_EXERCISE REQUIREMENTS_
Could you return the whole listing, character for character?

_GIVEN RECORDS_
....

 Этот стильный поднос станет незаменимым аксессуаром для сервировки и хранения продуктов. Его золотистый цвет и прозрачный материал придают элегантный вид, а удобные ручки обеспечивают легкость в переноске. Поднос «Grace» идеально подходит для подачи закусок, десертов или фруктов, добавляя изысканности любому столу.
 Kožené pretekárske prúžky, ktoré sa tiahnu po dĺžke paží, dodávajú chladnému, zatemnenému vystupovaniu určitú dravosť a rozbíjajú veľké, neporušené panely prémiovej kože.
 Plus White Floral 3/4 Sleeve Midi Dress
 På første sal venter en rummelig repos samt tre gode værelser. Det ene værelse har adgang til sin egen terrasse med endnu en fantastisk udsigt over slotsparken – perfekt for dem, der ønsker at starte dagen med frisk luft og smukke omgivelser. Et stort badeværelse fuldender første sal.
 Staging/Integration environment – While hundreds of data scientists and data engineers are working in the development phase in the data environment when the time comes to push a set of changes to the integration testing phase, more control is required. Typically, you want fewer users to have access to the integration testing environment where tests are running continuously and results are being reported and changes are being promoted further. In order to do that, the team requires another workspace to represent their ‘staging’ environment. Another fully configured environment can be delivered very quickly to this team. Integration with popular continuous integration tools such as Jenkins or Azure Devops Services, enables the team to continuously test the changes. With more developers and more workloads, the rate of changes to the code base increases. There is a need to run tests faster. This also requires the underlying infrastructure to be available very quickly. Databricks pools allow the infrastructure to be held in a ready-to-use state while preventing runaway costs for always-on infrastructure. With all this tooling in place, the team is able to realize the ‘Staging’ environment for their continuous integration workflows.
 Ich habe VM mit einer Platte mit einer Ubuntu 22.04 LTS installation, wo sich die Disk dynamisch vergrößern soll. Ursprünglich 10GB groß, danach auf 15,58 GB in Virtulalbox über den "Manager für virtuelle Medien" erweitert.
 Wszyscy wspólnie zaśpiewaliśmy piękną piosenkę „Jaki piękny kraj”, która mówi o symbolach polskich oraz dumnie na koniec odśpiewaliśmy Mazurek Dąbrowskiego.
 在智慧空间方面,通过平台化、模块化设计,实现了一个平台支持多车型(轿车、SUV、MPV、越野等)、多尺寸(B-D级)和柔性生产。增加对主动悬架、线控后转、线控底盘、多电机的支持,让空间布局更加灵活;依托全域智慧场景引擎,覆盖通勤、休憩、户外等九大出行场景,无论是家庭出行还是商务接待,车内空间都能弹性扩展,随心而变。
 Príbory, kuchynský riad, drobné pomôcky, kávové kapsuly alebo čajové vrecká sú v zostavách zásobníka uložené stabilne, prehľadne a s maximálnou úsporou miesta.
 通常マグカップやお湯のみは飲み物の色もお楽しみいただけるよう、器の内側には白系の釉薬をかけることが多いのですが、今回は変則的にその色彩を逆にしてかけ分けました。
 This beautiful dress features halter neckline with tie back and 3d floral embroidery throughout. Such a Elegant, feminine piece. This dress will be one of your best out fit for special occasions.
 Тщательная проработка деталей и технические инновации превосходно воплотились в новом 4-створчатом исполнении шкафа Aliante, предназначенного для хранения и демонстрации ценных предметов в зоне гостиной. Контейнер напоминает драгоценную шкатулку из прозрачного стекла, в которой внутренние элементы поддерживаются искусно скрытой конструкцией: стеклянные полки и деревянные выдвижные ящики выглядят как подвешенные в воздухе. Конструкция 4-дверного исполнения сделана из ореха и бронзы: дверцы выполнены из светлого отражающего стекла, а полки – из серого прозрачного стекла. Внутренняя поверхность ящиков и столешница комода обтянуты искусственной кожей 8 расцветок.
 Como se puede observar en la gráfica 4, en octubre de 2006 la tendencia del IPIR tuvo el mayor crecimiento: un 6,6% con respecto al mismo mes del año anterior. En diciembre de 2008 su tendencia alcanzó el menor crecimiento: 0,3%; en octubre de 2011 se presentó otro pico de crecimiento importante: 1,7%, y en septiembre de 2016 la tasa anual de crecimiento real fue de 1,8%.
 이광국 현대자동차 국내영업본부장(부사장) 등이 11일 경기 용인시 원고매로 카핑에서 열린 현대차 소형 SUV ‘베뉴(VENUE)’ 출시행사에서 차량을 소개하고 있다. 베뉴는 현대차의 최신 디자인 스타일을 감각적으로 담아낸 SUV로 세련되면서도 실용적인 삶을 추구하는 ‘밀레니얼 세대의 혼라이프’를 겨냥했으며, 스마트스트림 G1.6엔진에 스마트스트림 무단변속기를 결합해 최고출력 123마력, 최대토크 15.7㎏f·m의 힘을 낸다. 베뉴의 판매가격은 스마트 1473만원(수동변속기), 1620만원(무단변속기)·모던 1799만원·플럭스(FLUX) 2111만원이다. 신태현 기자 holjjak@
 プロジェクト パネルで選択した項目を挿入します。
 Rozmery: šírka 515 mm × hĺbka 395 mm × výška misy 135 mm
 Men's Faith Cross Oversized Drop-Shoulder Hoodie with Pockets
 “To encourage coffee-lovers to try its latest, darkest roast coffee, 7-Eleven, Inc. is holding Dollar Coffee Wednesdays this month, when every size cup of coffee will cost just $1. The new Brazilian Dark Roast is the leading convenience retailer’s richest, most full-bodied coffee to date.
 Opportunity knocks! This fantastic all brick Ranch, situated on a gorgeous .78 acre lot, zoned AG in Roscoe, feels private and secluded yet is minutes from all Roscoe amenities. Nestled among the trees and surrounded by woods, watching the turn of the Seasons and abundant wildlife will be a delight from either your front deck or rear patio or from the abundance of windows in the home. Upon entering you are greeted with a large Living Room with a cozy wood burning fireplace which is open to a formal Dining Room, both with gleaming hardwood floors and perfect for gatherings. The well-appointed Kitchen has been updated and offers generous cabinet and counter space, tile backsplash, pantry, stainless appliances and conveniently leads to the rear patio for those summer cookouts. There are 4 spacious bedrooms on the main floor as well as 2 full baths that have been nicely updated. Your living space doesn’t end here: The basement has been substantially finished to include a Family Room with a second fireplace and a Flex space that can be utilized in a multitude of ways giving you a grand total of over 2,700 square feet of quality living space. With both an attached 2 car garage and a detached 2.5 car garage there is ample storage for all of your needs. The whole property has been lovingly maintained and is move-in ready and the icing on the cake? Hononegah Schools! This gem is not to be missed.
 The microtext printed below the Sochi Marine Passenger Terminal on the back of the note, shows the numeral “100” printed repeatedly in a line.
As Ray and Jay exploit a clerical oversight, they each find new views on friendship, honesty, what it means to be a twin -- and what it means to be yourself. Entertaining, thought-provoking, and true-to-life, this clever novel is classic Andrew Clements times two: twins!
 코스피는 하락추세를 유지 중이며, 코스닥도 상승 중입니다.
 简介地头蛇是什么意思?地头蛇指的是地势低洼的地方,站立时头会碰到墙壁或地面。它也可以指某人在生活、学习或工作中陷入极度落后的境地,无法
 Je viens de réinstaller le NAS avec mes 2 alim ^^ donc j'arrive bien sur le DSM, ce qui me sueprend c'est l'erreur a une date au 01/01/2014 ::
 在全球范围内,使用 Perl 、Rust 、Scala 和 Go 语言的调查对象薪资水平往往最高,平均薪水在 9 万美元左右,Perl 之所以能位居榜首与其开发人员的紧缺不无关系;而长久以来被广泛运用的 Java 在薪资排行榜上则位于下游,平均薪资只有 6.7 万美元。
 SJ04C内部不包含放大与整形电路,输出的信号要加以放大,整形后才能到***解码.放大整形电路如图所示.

....

_EXPECTED OUTPUT_
 Этот стильный поднос станет незаменимым аксессуаром для сервировки и хранения продуктов. Его золотистый цвет и прозрачный материал придают элегантный вид, а удобные ручки обеспечивают легкость в переноске. Поднос «Grace» идеально подходит для подачи закусок, десертов или фруктов, добавляя изысканности любому столу.
 Kožené pretekárske prúžky, ktoré sa tiahnu po dĺžke paží, dodávajú chladnému, zatemnenému vystupovaniu určitú dravosť a rozbíjajú veľké, neporušené panely prémiovej kože.
 Plus White Floral 3/4 Sleeve Midi Dress
 På første sal venter en rummelig repos samt tre gode værelser. Det ene værelse har adgang til sin egen terrasse med endnu en fantastisk udsigt over slotsparken – perfekt for dem, der ønsker at starte dagen med frisk luft og smukke omgivelser. Et stort badeværelse fuldender første sal.
 Staging/Integration environment – While hundreds of data scientists and data engineers are working in the development phase in the data environment when the time comes to push a set of changes to the integration testing phase, more control is required. Typically, you want fewer users to have access to the integration testing environment where tests are running continuously and results are being reported and changes are being promoted further. In order to do that, the team requires another workspace to represent their ‘staging’ environment. Another fully configured environment can be delivered very quickly to this team. Integration with popular continuous integration tools such as Jenkins or Azure Devops Services, enables the team to continuously test the changes. With more developers and more workloads, the rate of changes to the code base increases. There is a need to run tests faster. This also requires the underlying infrastructure to be available very quickly. Databricks pools allow the infrastructure to be held in a ready-to-use state while preventing runaway costs for always-on infrastructure. With all this tooling in place, the team is able to realize the ‘Staging’ environment for their continuous integration workflows.
 Ich habe VM mit einer Platte mit einer Ubuntu 22.04 LTS installation, wo sich die Disk dynamisch vergrößern soll. Ursprünglich 10GB groß, danach auf 15,58 GB in Virtulalbox über den "Manager für virtuelle Medien" erweitert.
 Wszyscy wspólnie zaśpiewaliśmy piękną piosenkę „Jaki piękny kraj”, która mówi o symbolach polskich oraz dumnie na koniec odśpiewaliśmy Mazurek Dąbrowskiego.
 在智慧空间方面,通过平台化、模块化设计,实现了一个平台支持多车型(轿车、SUV、MPV、越野等)、多尺寸(B-D级)和柔性生产。增加对主动悬架、线控后转、线控底盘、多电机的支持,让空间布局更加灵活;依托全域智慧场景引擎,覆盖通勤、休憩、户外等九大出行场景,无论是家庭出行还是商务接待,车内空间都能弹性扩展,随心而变。
 Príbory, kuchynský riad, drobné pomôcky, kávové kapsuly alebo čajové vrecká sú v zostavách zásobníka uložené stabilne, prehľadne a s maximálnou úsporou miesta.
 通常マグカップやお湯のみは飲み物の色もお楽しみいただけるよう、器の内側には白系の釉薬をかけることが多いのですが、今回は変則的にその色彩を逆にしてかけ分けました。
 This beautiful dress features halter neckline with tie back and 3d floral embroidery throughout. Such a Elegant, feminine piece. This dress will be one of your best out fit for special occasions.
 Тщательная проработка деталей и технические инновации превосходно воплотились в новом 4-створчатом исполнении шкафа Aliante, предназначенного для хранения и демонстрации ценных предметов в зоне гостиной. Контейнер напоминает драгоценную шкатулку из прозрачного стекла, в которой внутренние элементы поддерживаются искусно скрытой конструкцией: стеклянные полки и деревянные выдвижные ящики выглядят как подвешенные в воздухе. Конструкция 4-дверного исполнения сделана из ореха и бронзы: дверцы выполнены из светлого отражающего стекла, а полки – из серого прозрачного стекла. Внутренняя поверхность ящиков и столешница комода обтянуты искусственной кожей 8 расцветок.
 Como se puede observar en la gráfica 4, en octubre de 2006 la tendencia del IPIR tuvo el mayor crecimiento: un 6,6% con respecto al mismo mes del año anterior. En diciembre de 2008 su tendencia alcanzó el menor crecimiento: 0,3%; en octubre de 2011 se presentó otro pico de crecimiento importante: 1,7%, y en septiembre de 2016 la tasa anual de crecimiento real fue de 1,8%.
 이광국 현대자동차 국내영업본부장(부사장) 등이 11일 경기 용인시 원고매로 카핑에서 열린 현대차 소형 SUV ‘베뉴(VENUE)’ 출시행사에서 차량을 소개하고 있다. 베뉴는 현대차의 최신 디자인 스타일을 감각적으로 담아낸 SUV로 세련되면서도 실용적인 삶을 추구하는 ‘밀레니얼 세대의 혼라이프’를 겨냥했으며, 스마트스트림 G1.6엔진에 스마트스트림 무단변속기를 결합해 최고출력 123마력, 최대토크 15.7㎏f·m의 힘을 낸다. 베뉴의 판매가격은 스마트 1473만원(수동변속기), 1620만원(무단변속기)·모던 1799만원·플럭스(FLUX) 2111만원이다. 신태현 기자 holjjak@
 プロジェクト パネルで選択した項目を挿入します。
 Rozmery: šírka 515 mm × hĺbka 395 mm × výška misy 135 mm
 Men's Faith Cross Oversized Drop-Shoulder Hoodie with Pockets
 “To encourage coffee-lovers to try its latest, darkest roast coffee, 7-Eleven, Inc. is holding Dollar Coffee Wednesdays this month, when every size cup of coffee will cost just $1. The new Brazilian Dark Roast is the leading convenience retailer’s richest, most full-bodied coffee to date.
 Opportunity knocks! This fantastic all brick Ranch, situated on a gorgeous .78 acre lot, zoned AG in Roscoe, feels private and secluded yet is minutes from all Roscoe amenities. Nestled among the trees and surrounded by woods, watching the turn of the Seasons and abundant wildlife will be a delight from either your front deck or rear patio or from the abundance of windows in the home. Upon entering you are greeted with a large Living Room with a cozy wood burning fireplace which is open to a formal Dining Room, both with gleaming hardwood floors and perfect for gatherings. The well-appointed Kitchen has been updated and offers generous cabinet and counter space, tile backsplash, pantry, stainless appliances and conveniently leads to the rear patio for those summer cookouts. There are 4 spacious bedrooms on the main floor as well as 2 full baths that have been nicely updated. Your living space doesn’t end here: The basement has been substantially finished to include a Family Room with a second fireplace and a Flex space that can be utilized in a multitude of ways giving you a grand total of over 2,700 square feet of quality living space. With both an attached 2 car garage and a detached 2.5 car garage there is ample storage for all of your needs. The whole property has been lovingly maintained and is move-in ready and the icing on the cake? Hononegah Schools! This gem is not to be missed.
 The microtext printed below the Sochi Marine Passenger Terminal on the back of the note, shows the numeral “100” printed repeatedly in a line.
As Ray and Jay exploit a clerical oversight, they each find new views on friendship, honesty, what it means to be a twin -- and what it means to be yourself. Entertaining, thought-provoking, and true-to-life, this clever novel is classic Andrew Clements times two: twins!
 코스피는 하락추세를 유지 중이며, 코스닥도 상승 중입니다.
 简介地头蛇是什么意思?地头蛇指的是地势低洼的地方,站立时头会碰到墙壁或地面。它也可以指某人在生活、学习或工作中陷入极度落后的境地,无法
 Je viens de réinstaller le NAS avec mes 2 alim ^^ donc j'arrive bien sur le DSM, ce qui me sueprend c'est l'erreur a une date au 01/01/2014 ::
 在全球范围内,使用 Perl 、Rust 、Scala 和 Go 语言的调查对象薪资水平往往最高,平均薪水在 9 万美元左右,Perl 之所以能位居榜首与其开发人员的紧缺不无关系;而长久以来被广泛运用的 Java 在薪资排行榜上则位于下游,平均薪资只有 6.7 万美元。
 SJ04C内部不包含放大与整形电路,输出的信号要加以放大,整形后才能到***解码.放大整形电路如图所示.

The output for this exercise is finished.